As if controlling Congress, the Senate, the White House and the majority of governorships weren’t enough power for the Republicans, they are now trying to eliminate the only tool that prevents them from stacking the courts with extremist judges: the filibuster. This procedural tactic allows 40 senators to perpetuate unlimited debate and prevent a vote from taking place. Republicans now want to eliminate this tactic in order to push through 10 of President Bush’s far-right judicial nominees – one of whom believes that minors with abusive parents should still be subject to parental notification laws if they obtain an abortion.

The Republican’s take-no-prisoners campaign will stop at nothing to trample opposition and distort the truth to fit their agenda. They took their fight to the pulpit this weekend when James Dobson, apparently the GOP’s new unofficial spokesman, organized and broadcast a “Justice Sunday” event to churches and homes across America. This Democrat-bashing fiasco included a speech from Senate Majority Leader Bill Frist, who accused Democratic senators of being “against people of faith” by denying an up-or-down vote to 10 out of Bush’s 200-plus judicial nominees, who all happen to be religious. It doesn’t matter that Republicans used procedural tactics to prevent several of Bill Clinton’s judicial nominees from receiving an up-or-down vote; Democrats are suddenly the equivalent of Pontius Pilate for using the exact same checks and balances that Republicans enjoyed when they were in the minority.

This unfathomable power grab seems to be part of the whole “put up or shut up” mentality that has plagued our country since the Bush dynasty returned to power in 2001. Anyone who even questioned the legitimacy of an election in a state governed by the candidate’s brother and supervised by one of his campaign co-chairs was a “sore loser,” a “Gore partisan” or a “conspiracy theorist.” Forget the thousands of people illegally removed from voter registration lists. Forget about the ballots later found in police cars and church basements. Forget about the Bush camp’s eerie pre-election confidence that he would carry Florida. Their message was, simply put: Bush won fair and square, regardless of what the exit polls said, so just deal with it.
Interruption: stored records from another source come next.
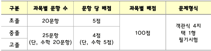 초졸은 과목별 문항 수 20문항에 문항 당 배점 5점을 중졸, 고졸은 25문항(단, 수학 20문항)에 4점 (단, 수학 5점)이며 문제형식은 객관식 4지 택 1형 필기시험으로 보게 됩니다.
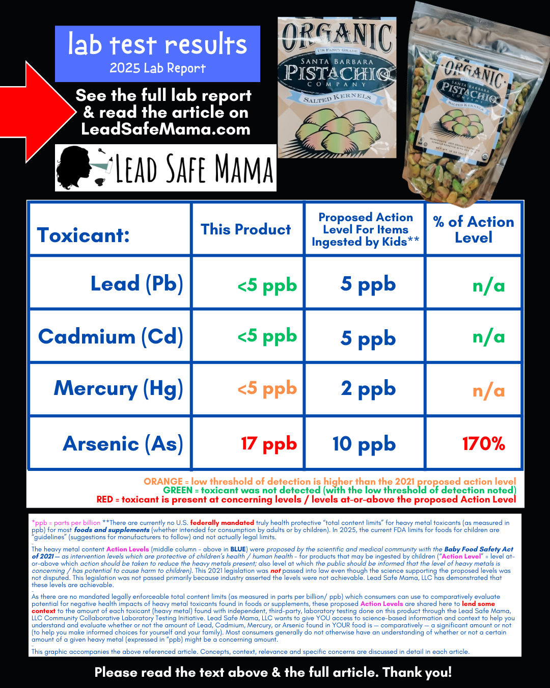 These organic salted whole kernel pistachios from Santa Barbara Pistachio Company are the cleanest pistachios that we have tested so far (non-detect for Lead), and while this product does not make our “Lab Tested Safer Choices List” (because it did test positive for Arsenic), these pistachios may be a good choice for families looking for a pistachio product and wanting to avoid Lead-contaminated foods.
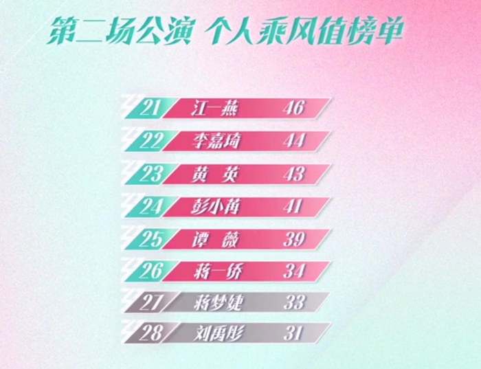随着比赛的结束,第二次公演喜爱度排名也随之发布,结果几家欢喜几家愁。
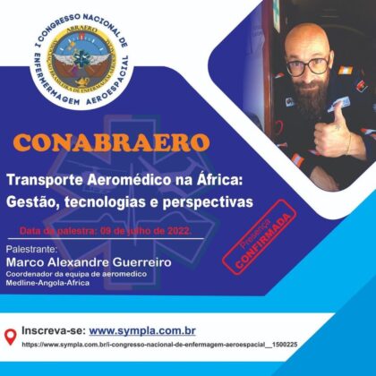 14h30 – Transporte aeromédico na África: gestão, tecnologias e perspectiva. Palestrante: Marco Alexandre Guerreiro.
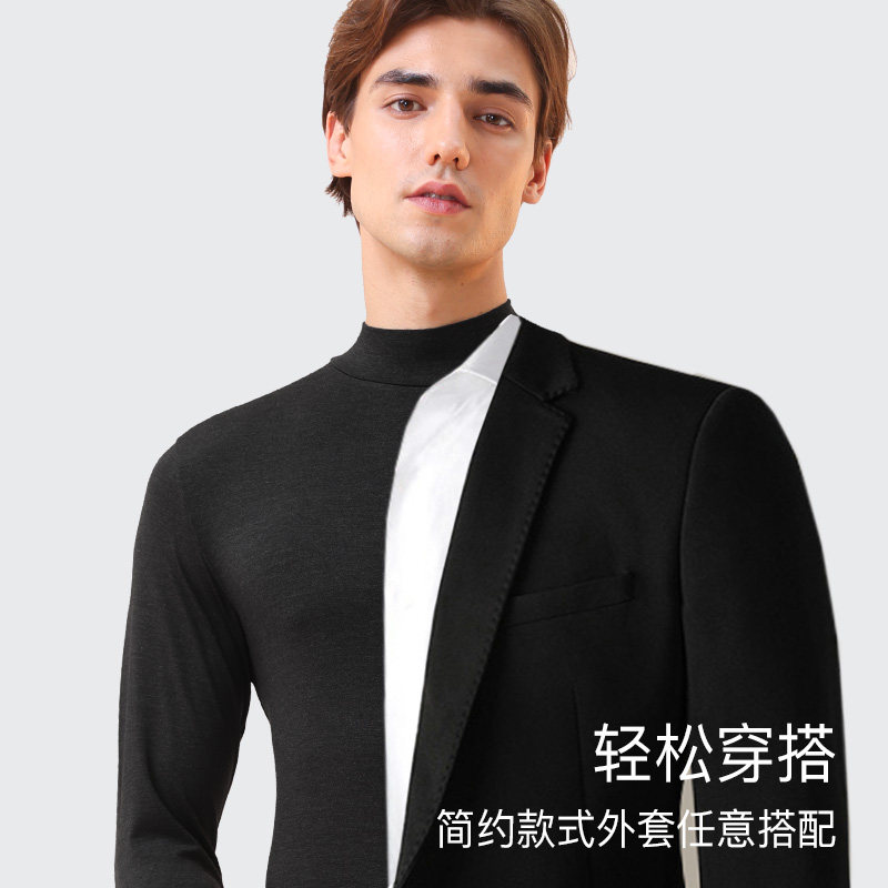 半高领秋衣男款上衣无痕打底衫长袖T恤莫代尔男士保暖内衣秋冬季
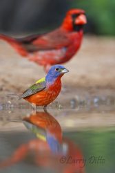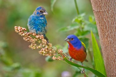 Evan and Alyssa Engel (12 & 9) feeding a hungry, migrating scarlet tanager on South Padre Island, Texas in April.
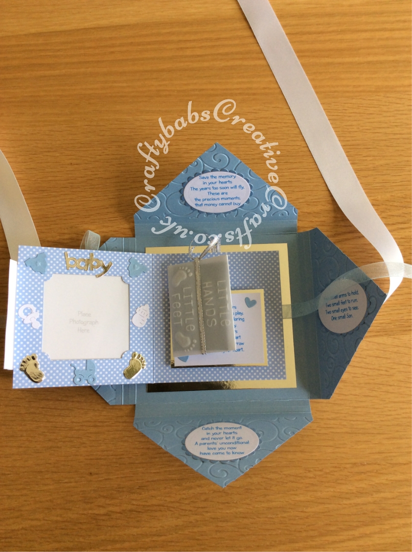 Baby Boy Birth keepsake made using a variety of dies including Marianne Design Cutting and embossing stencils Creatables - My first sneakers, Quickutz nesting Tag dies, Lettering created using Gemini Die Set Expressions Uppercase Alphabet, Gemini Die Set Expressions Lowercase Alphabet, Ellison thick cutz envelope die, Cuttlebug baby elements die, Marianne baby feet dies, Spellbinders nesting plain & scalloped oval dies, Parchment pocket made using an envelope template stencil, baby clothes and baby words embossed using brass stencils, outer cover embossed using couture creations intrinsic embossing folder. - craftybabscreativecrafts.co.uk

The events of 9/11 only perpetuated this quasi-fascist mentality. Anybody who protested the Iraq invasion, based on intelligence that was later found to be “dead wrong,” was an America-hating terrorist sympathizer. The State of the Union message was essentially, “You’re either with us or you’re against us.” Basically, put up or shut up. Let the Bush regime kill first, then blame Clinton later. Dissent is not and will not be tolerated.

Similarly, the voices of millions of Americans represented by the Democratic senators are being silenced. Never mind the fact that the roughly 800,000 South Dakotans represented by John Thune (R-S.D.) have the same representation as the nearly 36 million represented by Barbara Boxer (D-Calif.). Now that Republicans are back in power, they change the rules at will. Don’t want the House Ethics Committee to investigate Tom DeLay? Change the rules. Don’t like the filibuster so much now that you have a Republican president? Eliminate it.

More than 200 years of Senate tradition is at stake here. The right to choose is at stake. Democracy is at stake. Whether the Republicans like it or not, the filibuster was intended to prevent either party from abusing power. Perhaps James Dobson was correct in his Justice Sunday speech when he proclaimed, “The future of democracy… depends on this issue.”

But, hey, what do I know. After all, I’m just a Gore partisan.

Brigid Kirlin is a junior global studies major.